Apple’s iOS Encryption Baffles Police
Despite recent complaints about iOS security, it’s effective against at least one group: law enforcement. According to Declan McCullagh at CNET, police departments around the country are sufficiently stymied by iOS device encryption that they’re turning to Apple for help. They’ve flooded Apple with so many requests for assistance decrypting confiscated iPhones that Apple is putting them on a waiting list of up to 4 months. Of course, the flip side of this story is the suggestion that Apple has a backdoor method of cracking iPhone encryption.
I hope Apple doesn't actually have a backdoor, and is just acting as a tech expert for police departments who aren't monied enough to have tech experts of their own. If there is a backdoor, then someone else will find it, and it's not like Apple's security has been so awesome in the past (see: iCloud password reset hack the day after two-factor authentication was introduced).
Yeah, that's the concern. If Apple's encryption was truly unbreakable, I'd think that even Apple wouldn't be able to get in, expertise or no. Although, if it were as easy as a backdoor, perhaps there wouldn't be such a backlog of requests.

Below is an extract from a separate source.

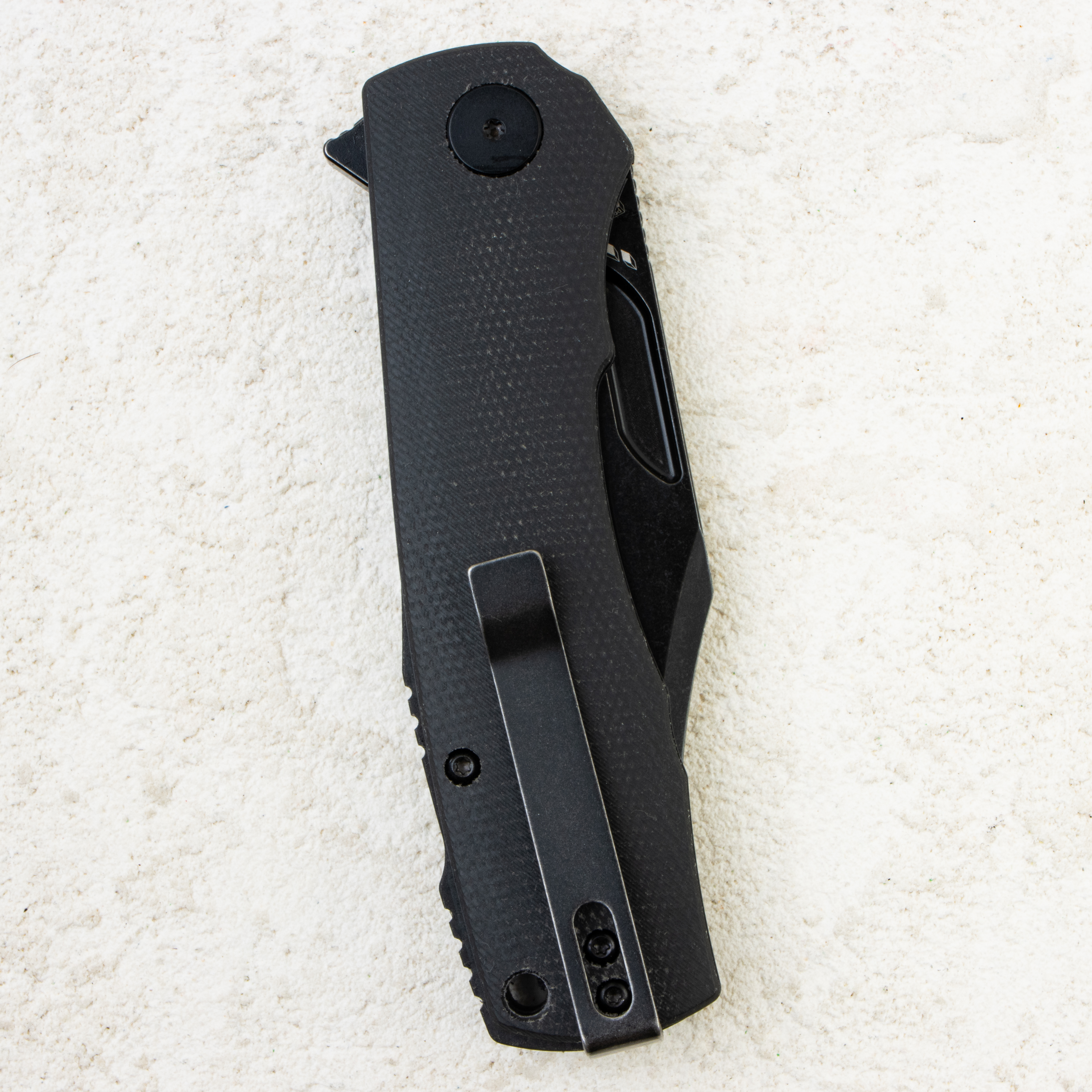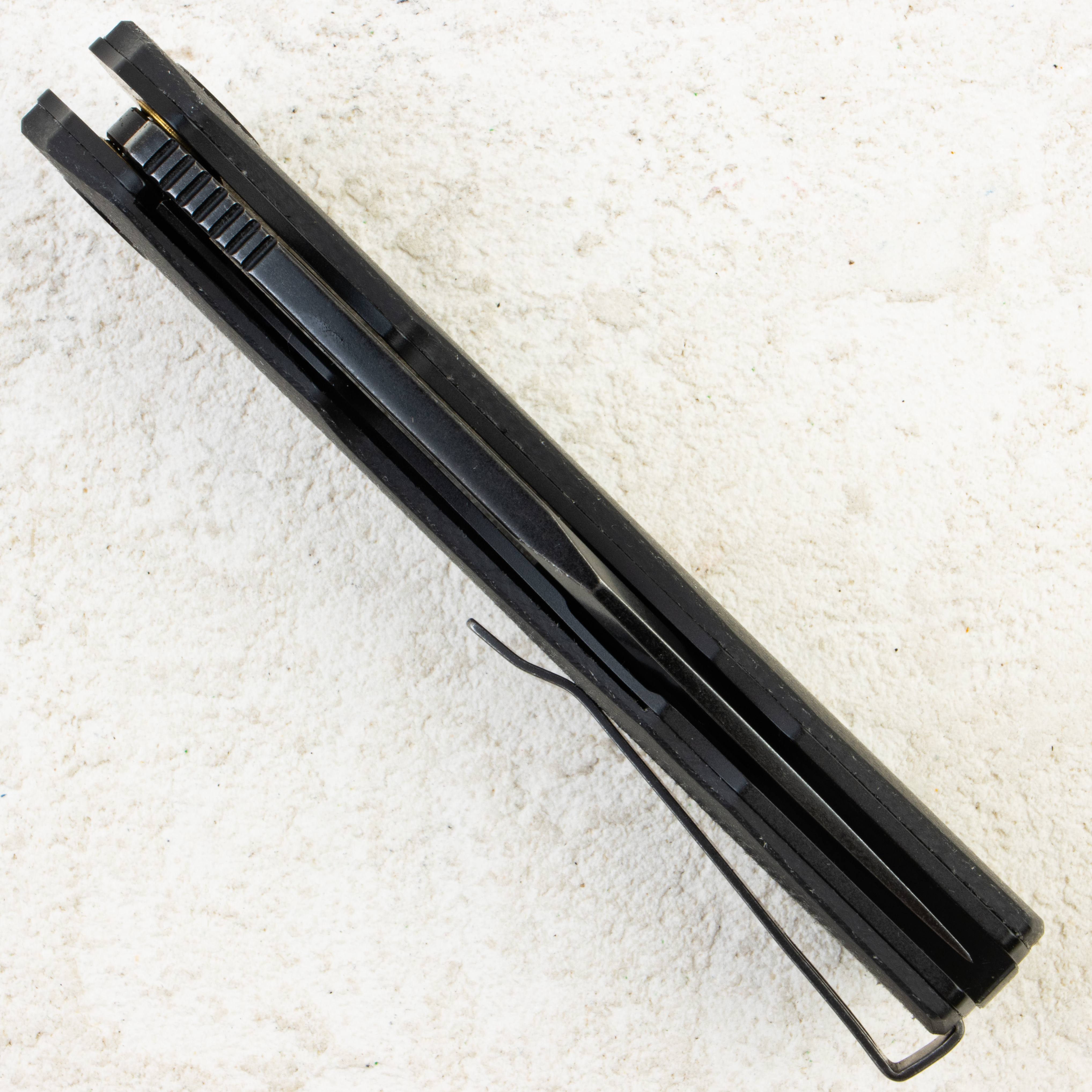 Рукоять — микарта на полноразмерных стальных лайнерах: материал «сухой» и цепкий даже во влажной ладони, контуры нейтральные и не создают «горячих» точек при силовой протяжке. Клипса — реверсивная tip-up под правую или левую сторону, предусмотрено отверстие под темляк. В закрытом состоянии нож не «распирает» карман и быстро извлекается.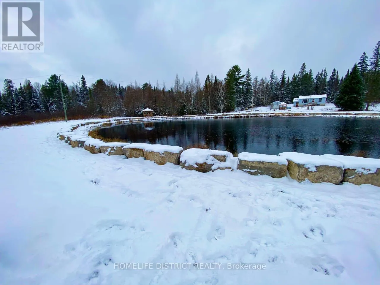 Cty Rd 503 and Reid St Escape to your private 111-acre nature retreat just minutes from Kinmount! This scenic property features mature trees cultivated over many years - perfect for developing trails, private retreats, or campground opportunities. The cozy bungalow offers two bedrooms, a kitchen, and a bright living room with expansive windows overlooking a picturesque 1-acre pond. The finished basement includes a spacious new 3-piece bathroom, dining area, game room, and laundry room. Enjoy a newly built 1,000 sq. ft. deck, two wooden gazebos, and a beautifully maintained grassy landscape surrounding the pond. Perfect setting for outdoor entertaining and relaxation. Recent renovations include a new kitchen, washroom, fresh paint, and all updated appliances. The property also boasts a completely rebuilt 100m driveway, a detached oversized 2-car garage, and a large implement shed. (id:27476)

10 + yrs. ago, working as a police detective in Calif., I was trained as a forensic computer examiner. This included gleaning data from the computers and cell phones of that era. There was hardware and software for that purpose made available from device manufacturers and their affiliates. At the time there was far less info on encryption being shared, but it did exist, and there were discussions on the implementation of 'backdoors'.
It is logical, in our current 'world', that consumer devices (if not all) that interface with national, and international communications, are allowed, because they meet non-public (secret) demands for access (backdoors). To believe otherwise is unrealistic.
Why would the PRC, or your choice of nation-state, allow it's population to use cellphones?
If there were backdoors, they would have long-since been found by the iphone jailbreak community. There's no secrets to the iOS devices, really. Something would have to be implemented at the hardware/firmware level, and even that has no real secrets at this point.